# I'd like to introduce my Cockatiel! :D



## ChrisAbbot (May 30, 2012)

hello everyone. I want to introduce my 'tiel. Her name is Yuki and she's a White Faced Cockatiel (http://s1073.photobucket.com/albums/w390/ChrisAbbot/?action=view&current=IMG_9557.jpg) (http://s1073.photobucket.com/albums.../ChrisAbbot/?action=view&current=IMG_9555.jpg) (http://s1073.photobucket.com/albums.../ChrisAbbot/?action=view&current=IMG_9548.jpg)


----------



## JaimeS (Nov 28, 2011)

She is very pretty!


----------



## ChrisAbbot (May 30, 2012)

Thanks!


----------



## littletiel (May 15, 2011)

She is really adorable!


----------



## DaveZ (May 4, 2012)

Beautiful bird, but then all tiels are 

Just a tip, when you look at the images you want to post from photobucket, there's a link near the picture that's called an image link, it has little tags on either end of the link. If you copy and paste that into your post here, the images will actually show up rather than just a link.

Hope that makes sense :)

Dave.


----------



## ChrisAbbot (May 30, 2012)

@DaveZ, yes it does. Thanks for the tip


----------



## SunnyNShandy (May 24, 2012)

Super cute! How old is she?


----------



## ChrisAbbot (May 30, 2012)

Thanks!  she's 8 months old


----------



## bjknight93 (Nov 13, 2011)

How cute! Good that she's eating veggies, but iceberg lettuce has very little nutritional value. You should get the dark leafy lettuce for her to eat (you can have some too) so she won't just be increasing her water intake. 
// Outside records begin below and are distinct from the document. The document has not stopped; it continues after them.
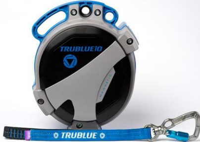
Model TBIQ-XL (20m lanyard, various connectors)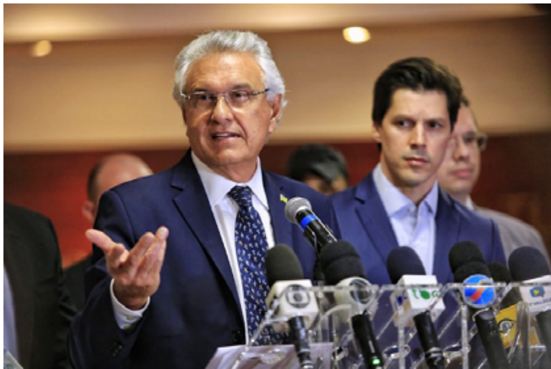
Ronaldo Caiado: forte liderança política em Goiânia e no interior do estado

Uma hipotética candidatura de Darrot, que provavelmente deve se filiar ao União Brasil, atenderia não só as expectativas do eleitorado goianiense, dizem os aliados governistas, mas também teria forças para contra-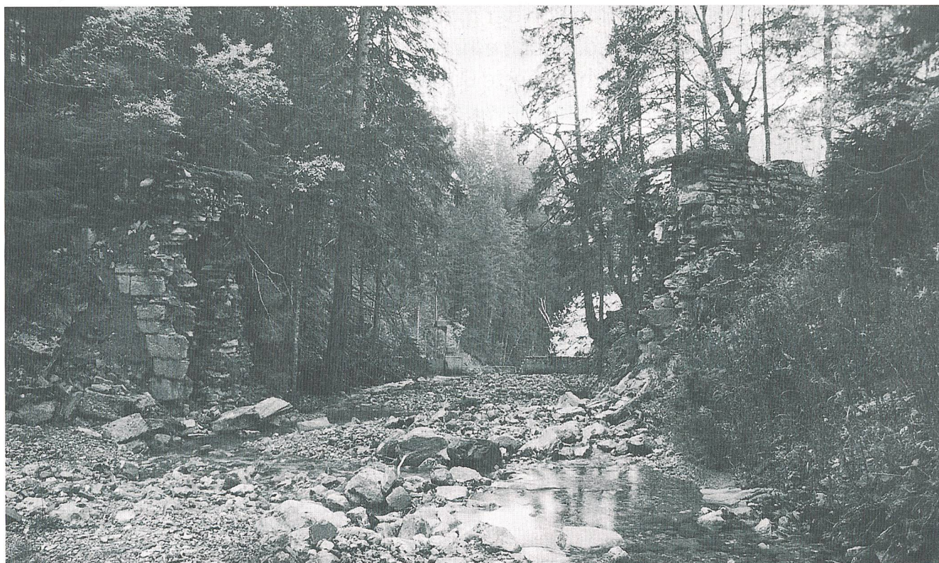
Bild 8 Zustand vor der Restaurierung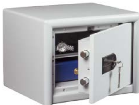
DS 415 K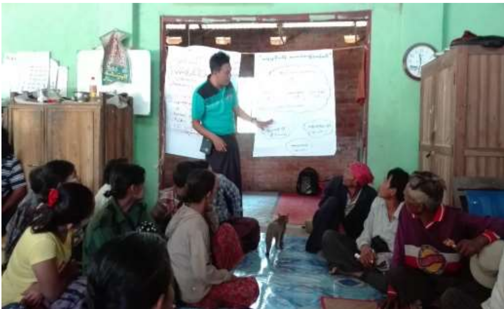
သာပေါင်းမြို့နယ်၊ ကွင်းကောက်ကျေးရွာအုပ်စု၊ အိုးဘိုကျေးရွာအစည်းအဝေးပြုလုပ်ပုံ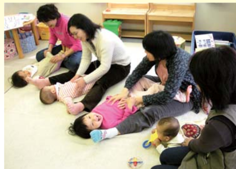
母子ふれあい広場風景 (NPO法人主催)

数 値 目 標 ・ 出生数増：500人以上(平成25年：5,482人) ・ がん検診を受診する人の割合 (胃がん、肺がん、大腸がん、乳がん、子宮がん)：50%(平成25年度：37.2%)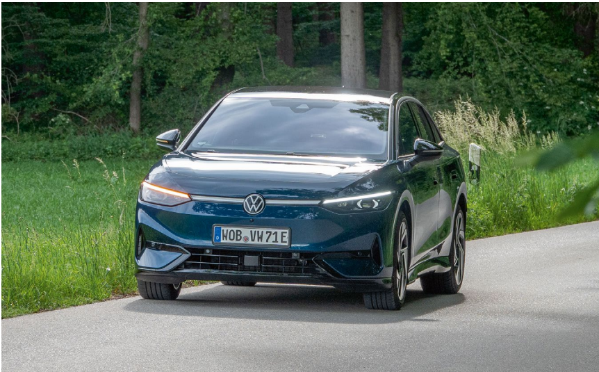
Der ID.7 ist eine gute Reiselimousine – komfortabel, leise, sparsam.

2,2 Tonnen Gewicht. Mehr ist Überfluss. Beim ID.7 gibt es den aber in Form des ID.7 GTX (86 kWh/340 PS/ Allrad, 6.471 Euro Aufpreis).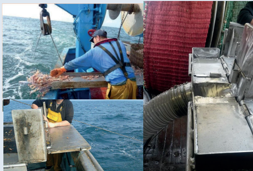
Goulotte et table de tri sur un langoustinier

Maximiser les chances de survie des captures de juvéniles Les tables de tri et goulotte installées sur les chalutiers français pêchant la langoustine dans le Golfe de Gascogne ont permis d'améliorer le taux de survie des langoustines relâchées.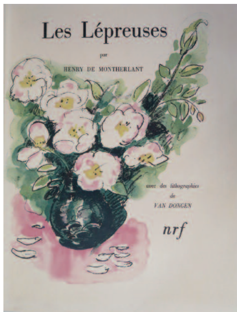
425. [VAN DONGEN].- MONTERLANT (Henry de). LES LÉPREUSES, AVEC DES LITHOGRAPHIES DE VAN DONGEN. Paris, N.R.F., 1946 ; in-folio, reliure mosaïquée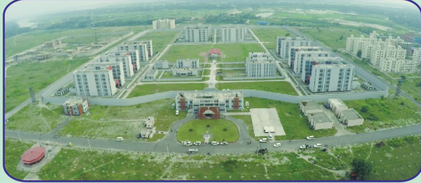
ঢাকা কেন্দ্রীয় কারাগার, কেরাণীগঞ্জ

মাননীয় প্রধানমন্ত্রী গত ১০ এপ্রিল ২০১৬ তারিখে ৪,৫৯০ জন বন্দি ধারণ ক্ষমতা সম্পন্ন নবনির্মিত ঢাকা কেন্দ্রীয় কারাগার (কেরাণীগঞ্জ) উদ্বোধন করেন।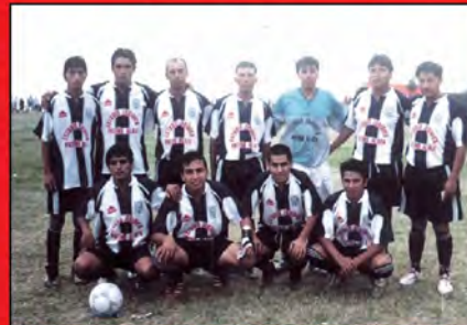
Equipo de Futbol - Club Defensor Canchuillca 2006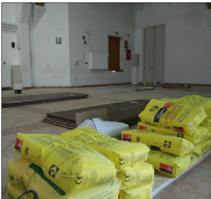
Az Imre Zoltán Művelődési Központ és Könyvtárban tisztasági festése lambériázás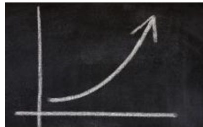
Resultat- og læringsrelatert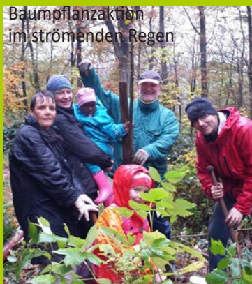
Baumpflanzaktion im strömenden Regen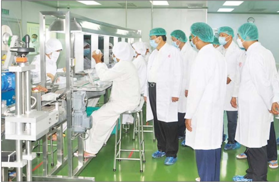
ပြည်ထောင်စုဝန်ကြီး ဒေါက်တာချာလီသန်း ဆေးဝါးစက်ရုံ (အင်ရောင်း)အတွင်း သွေးကြောသွင်းဆေးရည် အမျိုးမျိုး ထုတ်လုပ်နေမှုအခြေအနေကို ကြည့်ရှုစစ်ဆေးစဉ်။

နေပြည်တော် အောက်တိုဘာ ၁၈ စက်မှုဝန်ကြီးဌာန ပြည်ထောင်စုဝန်ကြီး ဒေါက်တာ ချာလီသန်းသည် ဒုတိယဝန်ကြီး ဦးကိုလွင်၊ မြန်မာ့ဆေးဝါးလုပ်ငန်း ဦးဆောင်ညွှန်ကြားရေးမှူး၊ အထွေထွေမန်နေဂျာများနှင့်အတူ အောက်တိုဘာ ၁၆ ရက် နံနက်ပိုင်းတွင် မန္တလေးတိုင်းဒေသကြီး ပြင်ဦးလွင်မြို့ရှိ ဆေးဝါးကုန်ကြမ်းစိုက်ခင်းများသို့ ရောက်ရှိပြီး ဆေးဝါးကုန်ကြမ်းပင်မျိုးစုံ ထိန်းထား နိုင်ရေး စနစ်တကျဆောင်ရွက်ကြရန် မှာကြားကာ ငှက်ဖျားရောဂါ ကုသဆေးထုတ်လုပ်နိုင်ရန် အာတီ မီးစီးယာများ စိုက်ပျိုးထားရှိမှုအခြေအနေနှင့် ပျိုးပင် ခြံတို့ကို ကြည့်ရှုစစ်ဆေးသည်။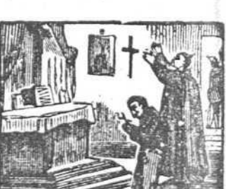
42 Al entrar en la capilla muy contrito se arrodilla.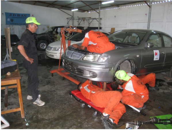
動力伝達装置の実習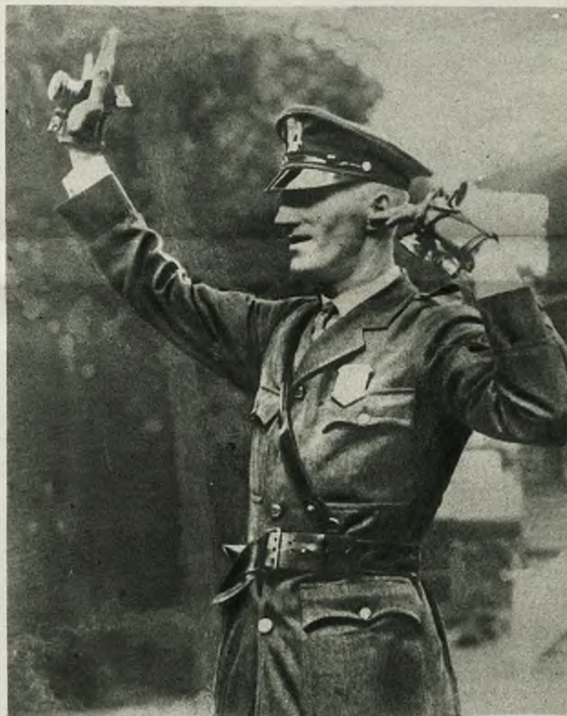
W Bostonie policjanci, regulujący ruch uliczny zaopatrzeni są w lampki sygnałowe, które noszą na rękach.

Here's the nutritional info for iceberg (high vit K):
http://nutritiondata.self.com/facts/vegetables-and-vegetable-products/2476/2

And for romaine (good for vit a):
http://nutritiondata.self.com/facts/vegetables-and-vegetable-products/2475/2

Kale (has just about every vitamin):
http://nutritiondata.self.com/facts/vegetables-and-vegetable-products/2461/2


----------



## ChrisAbbot (May 30, 2012)

The iceberg lettuce was just an experiment  I wasn't sure what she likes to eat so I tried several things such as bananas, carrot sticks, apples, and lettuce. She didn't so much as nibble on the others so when she started eating the lettuce I thought it would be a good photograph opportunity.


----------



## smays810 (Dec 27, 2011)

She is very pretty. and I really like the last picture she looks so sweet and innocent!


----------



## nassrah (Feb 27, 2012)

She is adorable X x:love


----------